Work request> Scan the records below for the line with "Digital Sheet Music" and the line with "Pánské tričko SLIM", and retype that range exactly, both ends included, pictures excepted.

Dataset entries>
Content starts

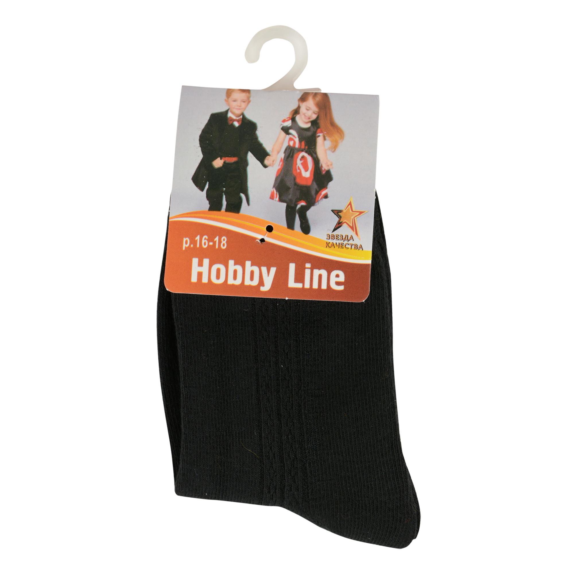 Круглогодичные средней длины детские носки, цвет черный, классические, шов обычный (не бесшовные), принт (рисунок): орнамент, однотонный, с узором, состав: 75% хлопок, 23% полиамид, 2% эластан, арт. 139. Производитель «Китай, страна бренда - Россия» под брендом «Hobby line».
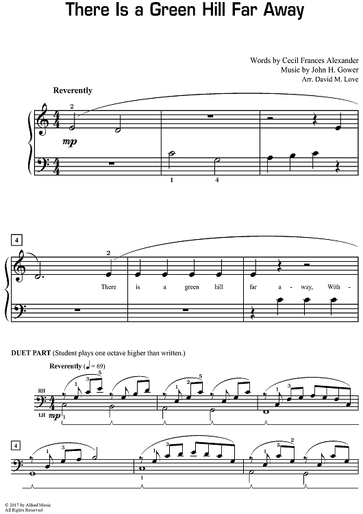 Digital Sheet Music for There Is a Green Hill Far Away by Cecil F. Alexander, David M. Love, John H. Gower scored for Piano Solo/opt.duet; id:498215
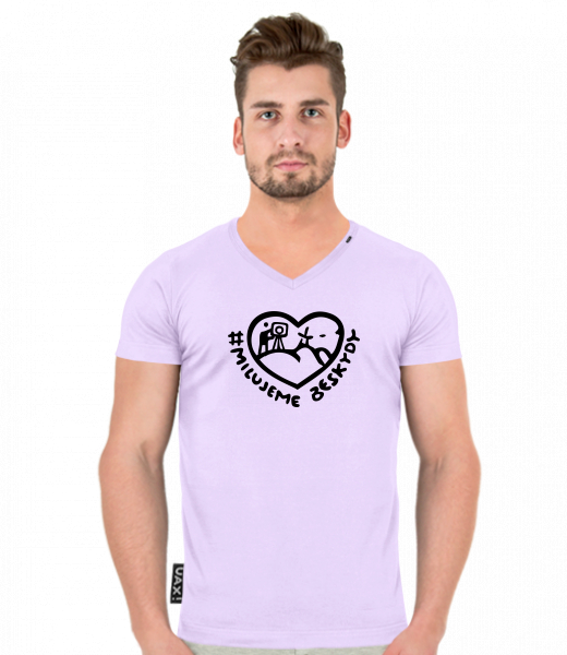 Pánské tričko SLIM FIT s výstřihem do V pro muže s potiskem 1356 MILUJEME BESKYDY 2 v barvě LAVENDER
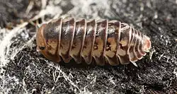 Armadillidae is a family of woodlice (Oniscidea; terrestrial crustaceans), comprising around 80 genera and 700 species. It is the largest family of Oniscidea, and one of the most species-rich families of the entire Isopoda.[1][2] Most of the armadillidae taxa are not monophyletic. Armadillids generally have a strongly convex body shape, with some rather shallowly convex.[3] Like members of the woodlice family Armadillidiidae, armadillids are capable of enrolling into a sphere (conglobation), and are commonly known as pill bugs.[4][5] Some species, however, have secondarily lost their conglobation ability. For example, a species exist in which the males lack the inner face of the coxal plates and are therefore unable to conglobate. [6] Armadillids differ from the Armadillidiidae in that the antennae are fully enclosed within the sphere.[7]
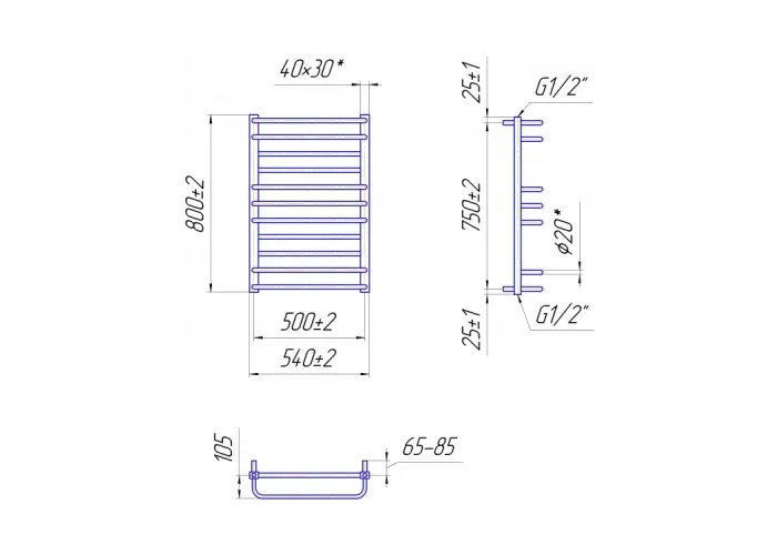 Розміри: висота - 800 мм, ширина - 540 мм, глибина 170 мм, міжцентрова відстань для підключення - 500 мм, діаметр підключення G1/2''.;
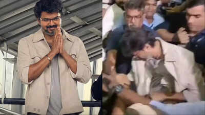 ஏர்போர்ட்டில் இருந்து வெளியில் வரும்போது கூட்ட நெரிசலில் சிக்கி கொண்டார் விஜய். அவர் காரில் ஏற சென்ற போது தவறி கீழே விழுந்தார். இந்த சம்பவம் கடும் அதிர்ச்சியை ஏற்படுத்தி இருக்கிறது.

Content ends

Solution to the exercise>
 Digital Sheet Music for There Is a Green Hill Far Away by Cecil F. Alexander, David M. Love, John H. Gower scored for Piano Solo/opt.duet; id:498215
 Pánské tričko SLIM FIT s výstřihem do V pro muže s potiskem 1356 MILUJEME BESKYDY 2 v barvě LAVENDER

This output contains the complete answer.